Location
- 201 McDonnel Street Peterborough, Ontario, K9H 2W1 Canada
- 44°18′33″N 78°19′20″W﻿ / ﻿44.30928°N 78.32233°W

Information
- School type: Public High School
- Founded: 1827; 199 years ago
- School board: Kawartha Pine Ridge District School Board
- Superintendent: Peter Mangold
- Area trustee: Rose Kitney, Roy Wilfong, Wes Marsden
- School number: 935182
- Principal: Jim Rielly
- Grades: 9 to 12
- Language: English
- Area: COSSA
- Colours: Garnet and Grey
- Mascot: Ralph The Raider
- Team name: Raiders
- Website: pace.kprdsb.ca

= Peterborough Collegiate =

Secondary school in Ontario, Canada

PACE at Peterborough Collegiate, formerly Peterborough Collegiate Vocational School, is a public secondary school located in Peterborough, Ontario, Canada and is a member of the Kawartha Pine Ridge District School Board. It is one of the oldest public schools in the country and was the only public high school in the city of Peterborough until the opening of Kenner Collegiate Vocational Institute in 1952. Regular student programming ended at Peterborough Collegiate Vocational School in June 2012. The building was renamed Peterborough Collegiate and in August 2012 opened as a re-purposed facility offering alternative and continuing education (ACE).

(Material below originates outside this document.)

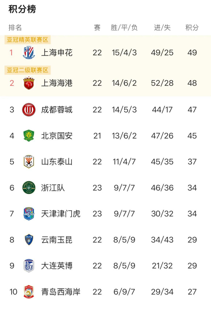 本轮结束后(北京国安还没有比赛),申花凭借3分重返榜首,49分的积分优势不大!领先第2名的海港1分、领先成都2分。如果北京国安本轮获胜,那么争冠形势依然胶着!

Peterborough Collegiate was founded in 1827 as the Peterborough Government School on the former property of Central Public School. Since then it has been moved to different locations throughout the central part of the city with various names and types of programming. It reached its peak enrollment in 1959 with 1402 students and used additional buildings to accommodate the students of the baby boom. At the turn of the twenty-first century, the trend of declining enrollment had reduced the school student population to 800 students with approximately one third in the Integrated Arts and English Language Learners programs.

==History==
Peterborough Collegiate and Vocational School (PCVS) is one of the oldest schools in Ontario.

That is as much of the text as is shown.